From the customer’s perspective, inflationary pressure that was beginning to abate will intensify again1. Recent history suggests that, in these conditions, customers adapt quickly. They trade down, substitute brands, visit discounters more and become more selective about where they spend, with pressure greatest on those households already struggling with the cumulative impact of cost-of-living pressures.

 

Data-informed precision response

Retailers therefore face a strategic choice. Those that respond mechanically, passing through cost increases without discrimination, may protect margins in the short term but risk long-term erosion to trust and loyalty. The more effective response is to use customer insight with far greater precision: Understanding ‘substitutability’ when stock is constrained, protecting prices where customers are more sensitive or are least willing or able to compromise, and using segmentation and CRM to predict which customers may need greatest support and to deliver it to them.

During earlier periods of disruption, retailers that clearly identified critical products and moments for customers and took deliberate decisions to protect value in those areas, emerged in better shape once conditions stabilised. The lesson is not simply to absorb cost, even if that were sustainable, but to choose carefully where it is borne, always guided by customer need.

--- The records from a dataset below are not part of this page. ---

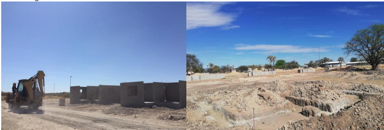
RFP Project Houses currently under construction in Outapi.

The National Housing Enterprise (NHE) has launched an exciting new housing development projects across the country that will see NHE construct 335 houses. This is part of its on-going efforts to empower Namibians through the provision of affordable and quality housing whilst continuing to fulfill its mandate.
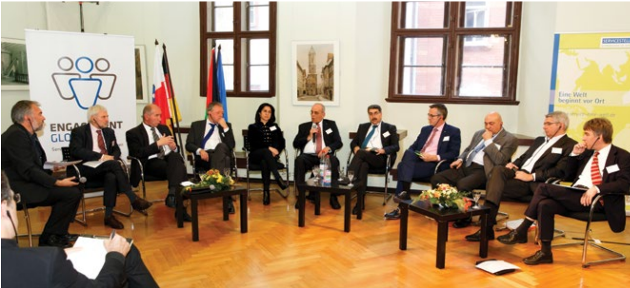
The mayors' forum
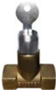
LOCKABLE BALL VALVE
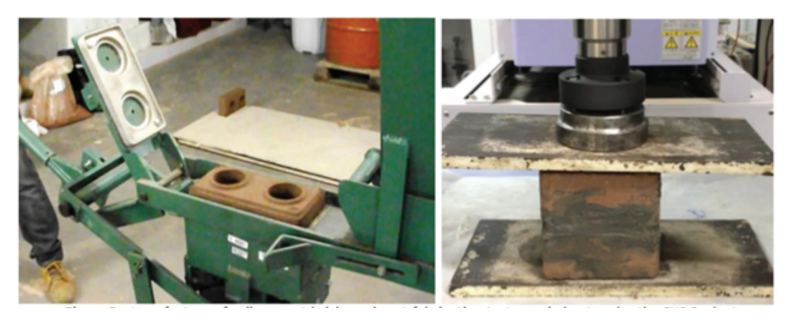
Figure 5: Manufacture of soil-cement bricks and post fabrication tests carried out under the SHS Project.

situations, carried out according to NBR 15421 (2006). Wind calculations were made according to NBR 6123 (1988).
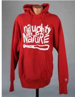
Title: Hooded Sweatshirt Worn by Kay Gee of Naughty by Nature Date: c. 1995 Primary Maker: Kay Gee Medium: cotton
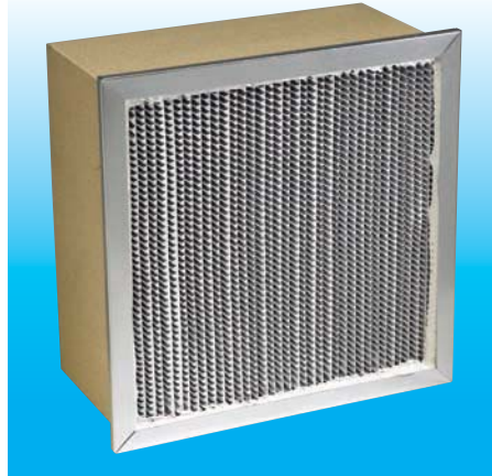
Style VFB - Single Header
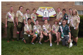
2006 NOAC Contingent Kawida Lodge Michigan State University
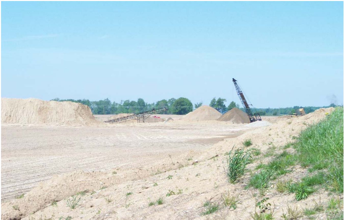
Figure 4.—Mining of sand and gravel in an area of Pits, sand and gravel.

Prime farmland status: Rodman and Rock outcrop—not prime farmland
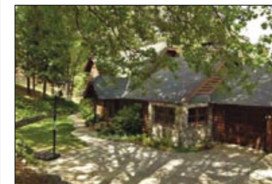
Lovely "Log" Home with Local Views... 3bd/2 ba; very private; seller is moving out of state; master is a retreat with a wood stove and wonderful views. (MLS# 1025985) $499,000
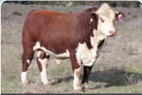
LOT 18 TYCOLAH YANKO V079

For retailers themselves, the challenge extends beyond the customer proposition. The broader retail ecosystem will be under significant strain. Manufacturers may seek price increases to reflect higher input and transport costs, while supply consistency will become harder to guarantee. Margin pressure and stock risk will rise together, placing further stress on already squeezed P&Ls.

 

Customer remains the north star

In this environment, securing volume becomes as important as managing cost. Supply chain operations will need to build up stock resilience and assess options for further efficiencies. Retailers will need to deepen joint business planning with suppliers, prioritise critical trading periods such as Christmas, and be more selective about where they deploy capital and space.

This is also a moment to think more deeply about options away from core - how can innovation be sustained, how can retail media and insight be used as levers with suppliers to win.

Periods of disruption, even acute events such as we are experiencing, expose what a business truly stands for. These endeavours are all in support of what should be a renewed focus on a simple principle: the customer remains the north star.

Retailers that stay close to their customers, support them through necessity rather than rhetoric, and manage their ecosystems with discipline and foresight will not avoid difficulty − but they will be better placed to earn loyalty that endures beyond the crisis.